### Task statement:
Copy word for word, please, the lines of the entries below running from the one containing "プランは、3〜4日先まで購入" to the one containing "Boys Green Teddy Bear Dungaree R...", both ends included.

### Exercise data:
_ _ _ _ _

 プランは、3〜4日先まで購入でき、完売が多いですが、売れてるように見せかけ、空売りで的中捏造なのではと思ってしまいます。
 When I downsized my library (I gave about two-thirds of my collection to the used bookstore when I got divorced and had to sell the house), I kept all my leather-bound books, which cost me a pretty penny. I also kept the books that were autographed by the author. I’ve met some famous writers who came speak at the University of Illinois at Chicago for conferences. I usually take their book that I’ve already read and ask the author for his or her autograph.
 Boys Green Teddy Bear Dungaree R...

_ _ _ _ _

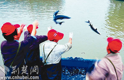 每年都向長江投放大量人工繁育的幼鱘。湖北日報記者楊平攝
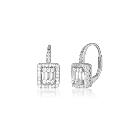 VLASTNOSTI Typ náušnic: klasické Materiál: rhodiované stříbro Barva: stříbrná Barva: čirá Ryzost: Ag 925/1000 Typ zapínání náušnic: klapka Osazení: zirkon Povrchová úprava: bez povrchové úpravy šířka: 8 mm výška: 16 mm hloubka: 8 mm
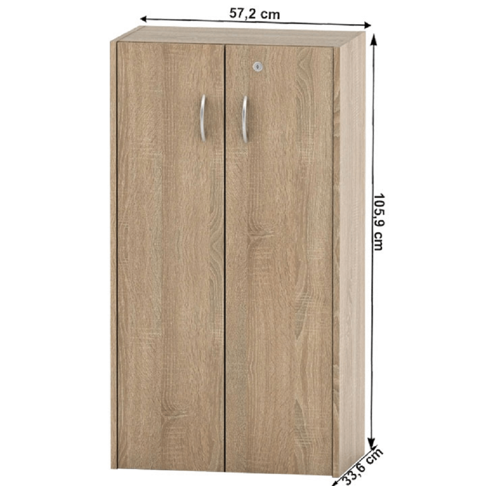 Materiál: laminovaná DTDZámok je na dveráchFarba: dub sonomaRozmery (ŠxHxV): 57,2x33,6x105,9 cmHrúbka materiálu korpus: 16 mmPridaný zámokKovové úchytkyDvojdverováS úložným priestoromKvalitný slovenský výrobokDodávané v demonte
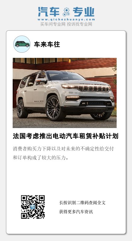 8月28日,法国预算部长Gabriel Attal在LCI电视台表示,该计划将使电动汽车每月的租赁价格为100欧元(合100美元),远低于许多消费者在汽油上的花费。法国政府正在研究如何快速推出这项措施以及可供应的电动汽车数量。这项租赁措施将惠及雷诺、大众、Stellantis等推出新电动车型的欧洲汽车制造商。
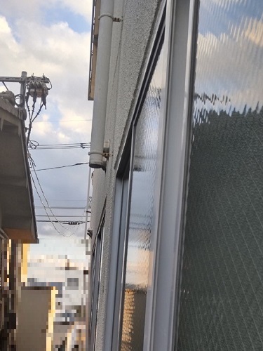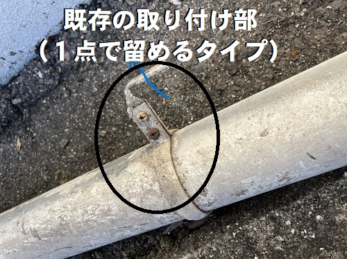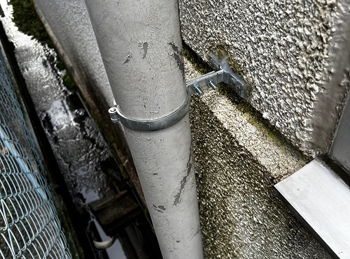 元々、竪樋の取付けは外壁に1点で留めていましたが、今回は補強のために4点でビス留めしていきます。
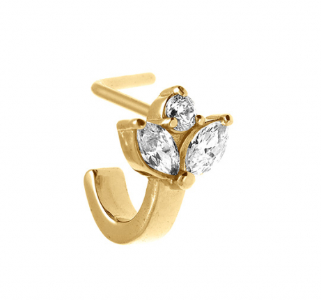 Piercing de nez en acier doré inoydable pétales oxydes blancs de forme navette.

_ _ _ _ _

### Task result:
 プランは、3〜4日先まで購入でき、完売が多いですが、売れてるように見せかけ、空売りで的中捏造なのではと思ってしまいます。
 When I downsized my library (I gave about two-thirds of my collection to the used bookstore when I got divorced and had to sell the house), I kept all my leather-bound books, which cost me a pretty penny. I also kept the books that were autographed by the author. I’ve met some famous writers who came speak at the University of Illinois at Chicago for conferences. I usually take their book that I’ve already read and ask the author for his or her autograph.
 Boys Green Teddy Bear Dungaree R...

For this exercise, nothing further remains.